All the specimens photographed on this page are
from two sites in Kent, UK: calcareous grassland rich in
species. This area is well-known as a G.
conopsea
site, with no records of the other two species, however, there
is still considerable variation as we shall show. Perhaps the
single most reliable character is the overall shape of the
labellum: square, long or broad.
Below:
This plant has features of G.
borealis
with the weakly divided labellum, however, the lip is still
squarish in contour and borealis is highly unlikely in
this locale and I would still consider this to be G. conopsea.
These
less densely-flowered individuals enable is to see the long
arc-shaped projecting spurs containing nectar at
the back of the
flowers (each is a continuation of the base of the lip.
A
study on Norwegian populations (Sletvold et
al.
2012) showed that about 40 different Lepidoptera (moths and
butterflies) acted as pollinators. The presence of both
nocturnal and diurnal pollinators gave the highest fruit set,
but of these daytime visitors made the greater contribution.
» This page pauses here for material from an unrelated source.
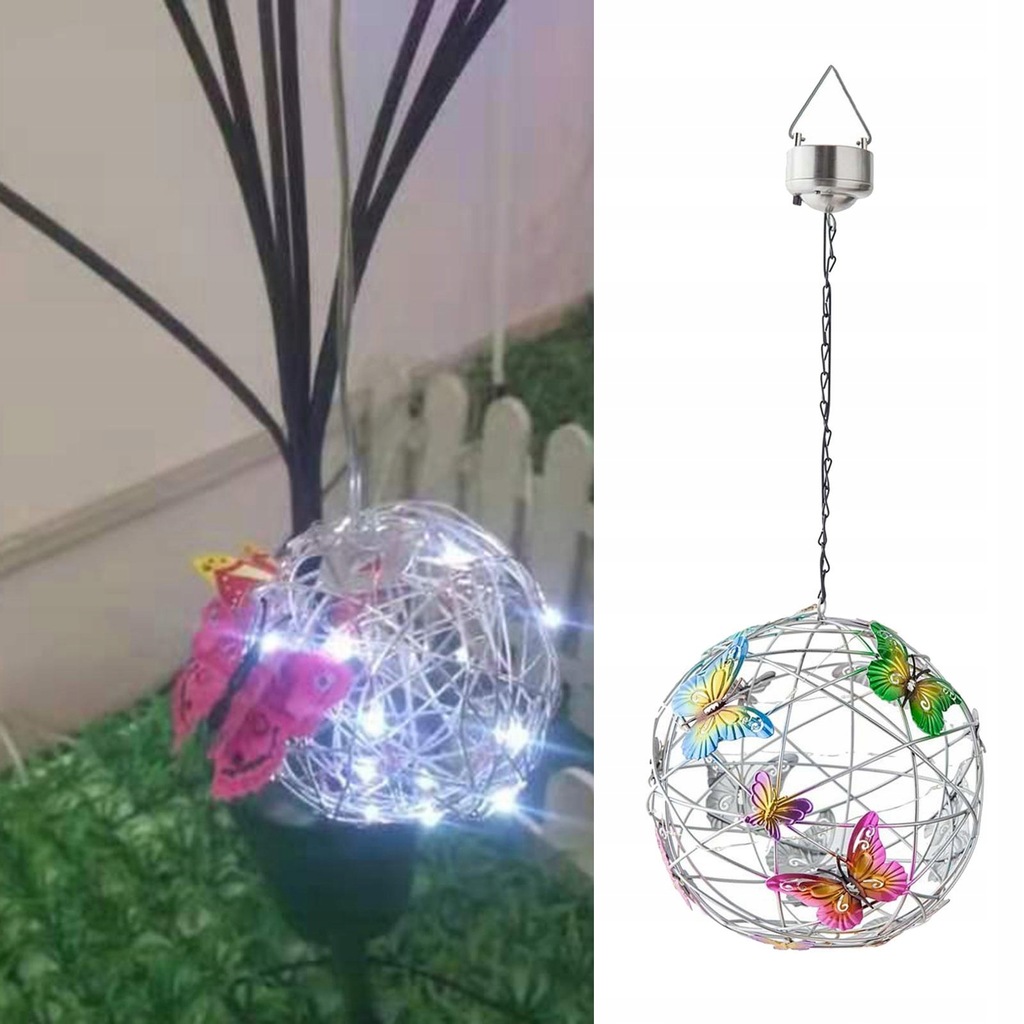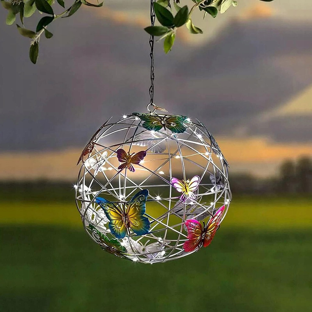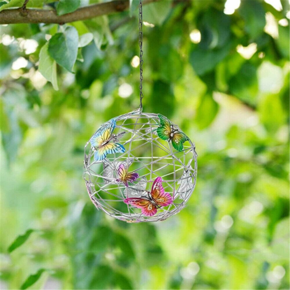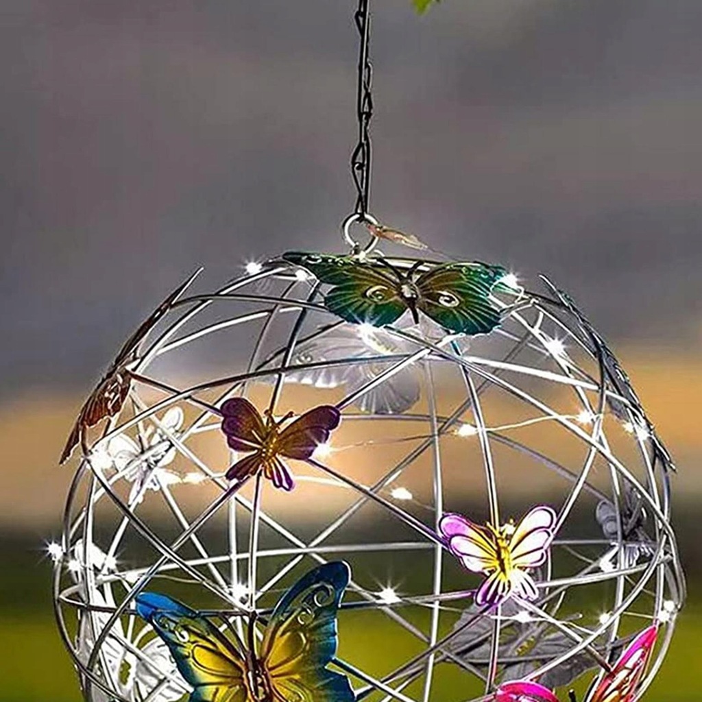 This beautiful solar powered LED light in Mesh Orb shape with colorful butterflies decoration very decorative

These studies revealed that pollinators preferentially selected
plants that were taller and more visible, had more flowers and
had longer spurs. A longer spur means that the flower can
contain more nectar for those pollinators with a proboscis long
enough to reach it (spur length is proportional to nectar
volume). Selection for high flower number was stronger with
nocturnal pollinators, whilst longer spurs were more strongly
selected for by nocturnal pollinators. The pollinia attach to
the proboscis of the pollinator and may be unable to reach
the stigma on short-spured flowers which are thus selected
against.
Above:
fruit
set.
The more suitable pollen transferred to the stigma of
a flower, the larger the fruit produced since it contains more
seeds. The fitness of an orchid such as this can be defined as
the number of fruits multiplied by mean fruit mass.
Gymnadenia
conopsea
The
lateral sepals tend to be pointed at the tips and deflexed
(angled downwards) about 30 degrees (sepal angle is largely lost
as a trait in pressed herbarium specimens). The lip is
more-or-less square in outline, and distinctly three-lobed with
the central lobe usually the longest.
Gymnadenia
densiflora
The
lateral sepals are generally linear in shape and held out
horizontally. The lip is generally broader than long and has
distinctive shoulders which sweep outwards in a more convex
fashion than in G.
conopsea.
Strong
genetic differences have been shown between G.
conopsea
and G.
densiflora
(Stark et
al.
2011) reinforcing their separation at the species level.
Gymnadenia
borealis
The
lateral sepals are more oval in contour and pointed at the tips.
The lip is longer than broad and often indistinctly lobed, or
with a prominent central lobe and small side-lobes,
more 'tongue-like' and the side lobes are often angular.